YOUR TASK: The lines from the one holding "Die Ferienwohnung besteht" through the end of the records below are to be written out exactly, and nothing else; pictures are to be left out.
----
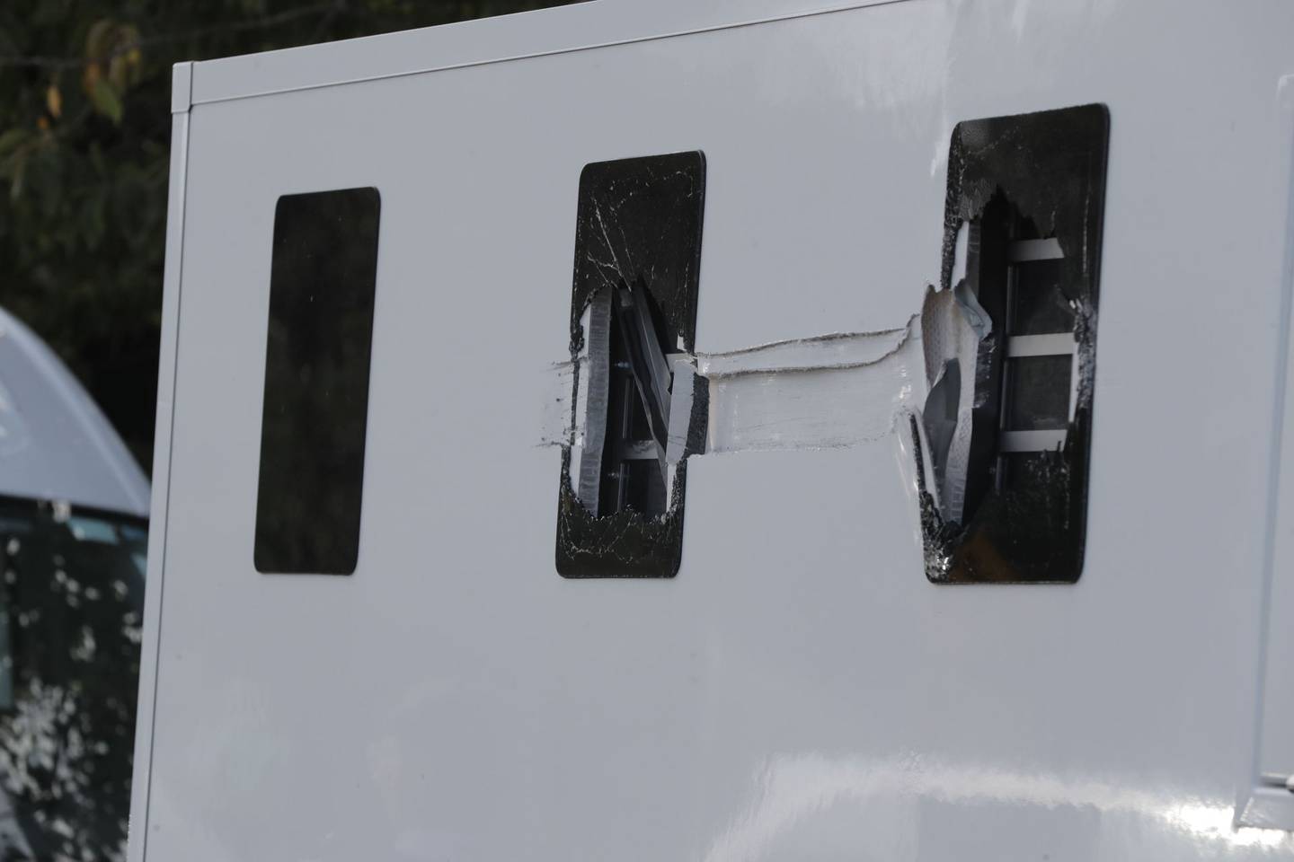 A smashed police vehicle at the scene. Photo / Michael Craig
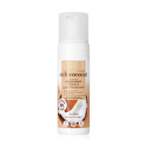 Froomo, маркетплейс професійної косметики та товарів для здоров'я\\Ніжна кокосова пінка для вмивання 3в1 серія Rich Coconut Eveline 150 мл
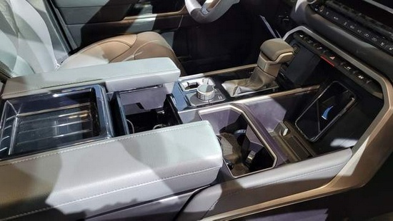 2022款丰田坦途内饰科技感提升明显,其高科技驾驶舱采用了更高质量的材料和改进的设计。入门版中控屏的尺寸为 8.0 英寸(老款为 7.0 英寸),但高配车型采用的是一个14.0 英寸触摸屏。更重要的是,它最终放弃了丰田糟糕的信息娱乐软件,转而采用更加直观和反应灵敏的新技术套件。标配Apple CarPlay 和 Android Auto,并且将集成Amazon Music 和 Apple Podcasts 等增强功能。新车还配备了全新四幅多功能方向盘,前方仪表面板是4.1英寸多信息显示器(低配)或 12.3 英寸数字仪表盘(高配)。
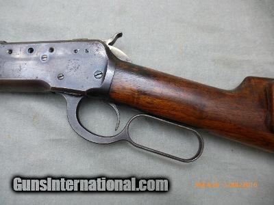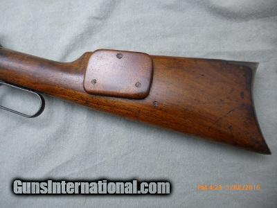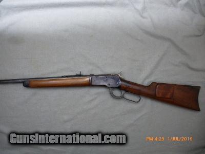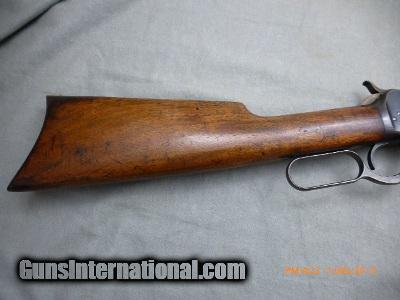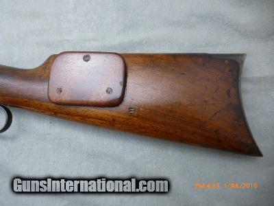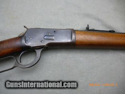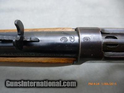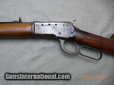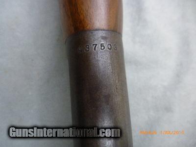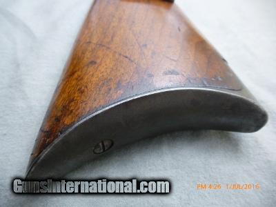 Description: Winchester 1892 Lever Action Carbine 16-60 Cal. 25-20 Serial #437503. Bbl. 22”. Md. Replacement marked “Model 53” with standard “WP” & circle “P” parts proof. Altered blade front sight with replacement elevator adjustable rear sight. Left side receiver has lg. extra holes. Original walnut forearm & straight grip stock with crescent steel buttplate. Left side of stock has added rectangular wood cheek rest. Condition: bbl. Retains 95% original blue. Action has 70% blue blending with patina & spots of light pitting. Forearm has good finish with light handling marks. Stock has worn finish with spots of oil soaking showing numerous scratches & handling marks. Very good bore. Curio or FFL. (16-60) $400.00 I take Visa/MasterCard, add 3%. Allow two weeks for all checks, whether bank, personal or certified to clear. It is also possible to wire funds to my account for instant credit for a $20.00 wire charge. 3 day- no questions asked return period for refund of price paid for gun. (Not including shipping or credit card charges.) All sales subject to prior sale at other sites or from shop. Call or email with any questions or for more pictures. Guns are antique and should not be fired without examination by gunsmith. $50 shipping for long guns, $30 for hand guns to lower 48 states, about $50-$75 to most European countries and $70-$80 to Australia for antique handguns, carbines $75-$125. We can generally get insurance if you want through shipper but coverage is very limited. Notify me if you want it. You can send 20% down- balance in 90 days for installment payment plan. No refunds on installment plans. I have shipped to Norway (long gun w/fragile stock) see feedback, England (Winchester1876, Rem. Dbl. Derr.), Northern Ireland, Austria, France, Netherlands ,(Holland), Australia, Denmark, and Sweden. Email if you are not U.S. for estimated shipping costs, payment methods, etc. I am always buying and trading for antique and collectible guns, Indian items, rare ammo, etc. Email what you have got for sale or trade. SOLD Antique: Yes Serial Number: 437503 |
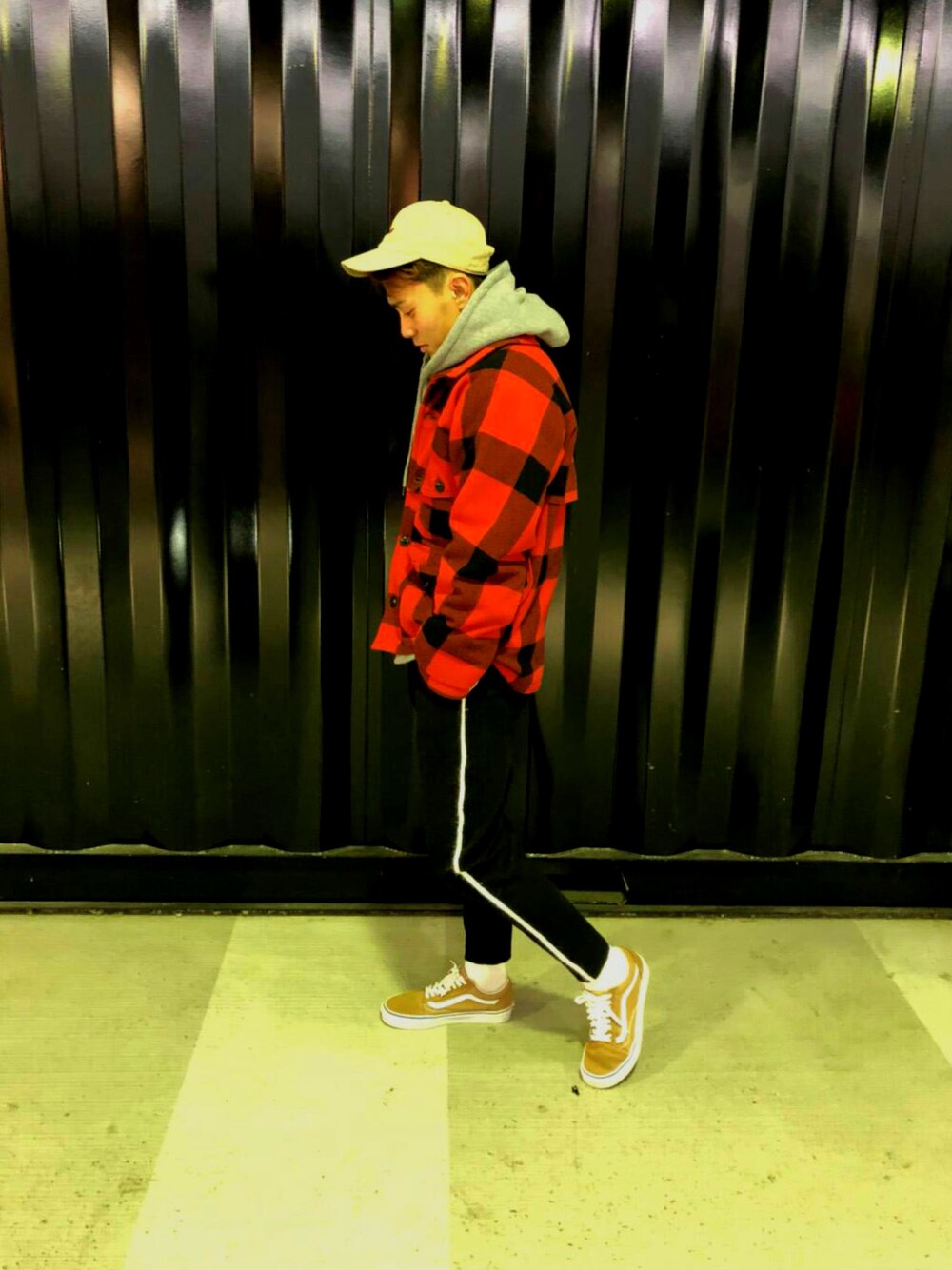 ストリートとアメカジの組み合わせ。 チェックのアウターはマッキノーまた マッキーノジャケットともいいます。 こちらも前回同様キャップとスニーカー を同系色でまとめました。 ストリート7:3アメカジ。
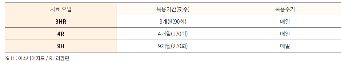 치료 : 잠복결핵감염 상태에서 결핵 치료제 중 1~2가지 약제를 3~9개월간 복용하며, 치료 시 결핵으로 발병하는 것을 약 60~90% 예방할 수 있습니다. 결핵 또는 잠복결핵감염으로 이미 진단 받았거나, 이를 치료 중이거나, 또는 이의 치료를 완료한 경우는 잠복결핵감염 검지능 받지 않아도 됩니다.
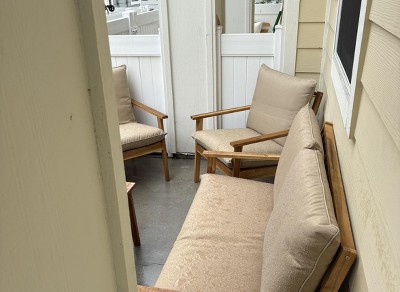 This conversation set is perfect for hanging out on our patio. Take the pillow out of the package and pat it a couple times and you'll have a fluffy yet soft cushion. Really happy with this purchase.
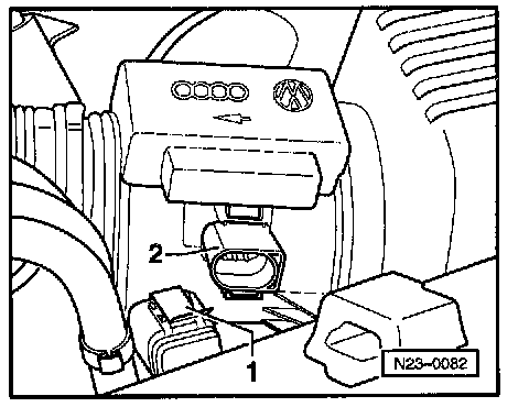- Disconnect harness connector -1- from Mass Air Flow sensor -2-
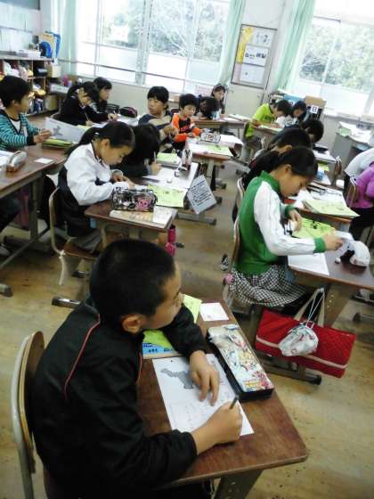 4年1組では,「都道府県」名を覚えようと,その特徴をクイズのようにしています。
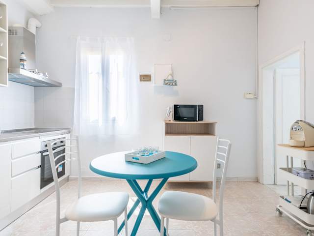 Die Ferienwohnung besteht aus einem Schlafzimmer, einem Wohnzimmer und einer voll ausgestatteten Küche, die mit einem Kühlschrank und einer Kaffeemaschine ausgestattet ist. Des Weiteren verfügt sie über ein Badezimmer mit einem Bidet und einer Dusche. Handtücher und Bettwäsche werden zur Verfügung gestellt.
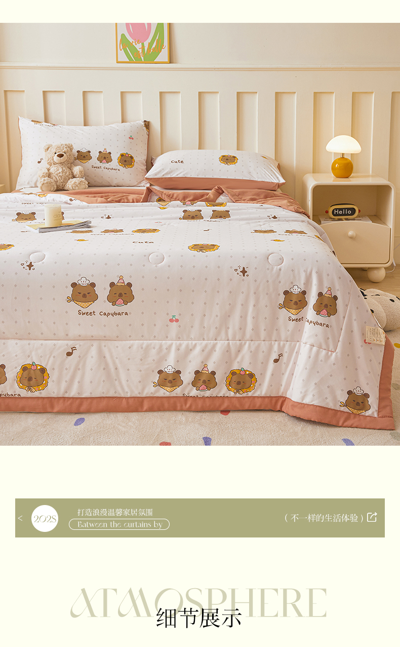 商品名称:欢乐季 2025新款7A抗菌双层皱皱纱大豆夏被夏凉被空调被 卡皮巴拉
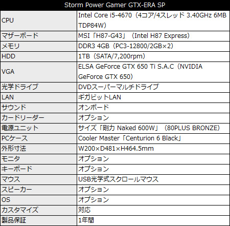 マザーボードはIntel H87 Expressチップ搭載のMSI「H87-G43」で、CPUにIntel Core i5-4670を標準装備。その他DDR3 4GBメモリ(2GB×2)、1TB HDD(SATA)、DVDスーパーマルチドライブ等を備える。
----
EXERCISE RESPONSE:
 Die Ferienwohnung besteht aus einem Schlafzimmer, einem Wohnzimmer und einer voll ausgestatteten Küche, die mit einem Kühlschrank und einer Kaffeemaschine ausgestattet ist. Des Weiteren verfügt sie über ein Badezimmer mit einem Bidet und einer Dusche. Handtücher und Bettwäsche werden zur Verfügung gestellt.
 商品名称:欢乐季 2025新款7A抗菌双层皱皱纱大豆夏被夏凉被空调被 卡皮巴拉
 マザーボードはIntel H87 Expressチップ搭載のMSI「H87-G43」で、CPUにIntel Core i5-4670を標準装備。その他DDR3 4GBメモリ(2GB×2)、1TB HDD(SATA)、DVDスーパーマルチドライブ等を備える。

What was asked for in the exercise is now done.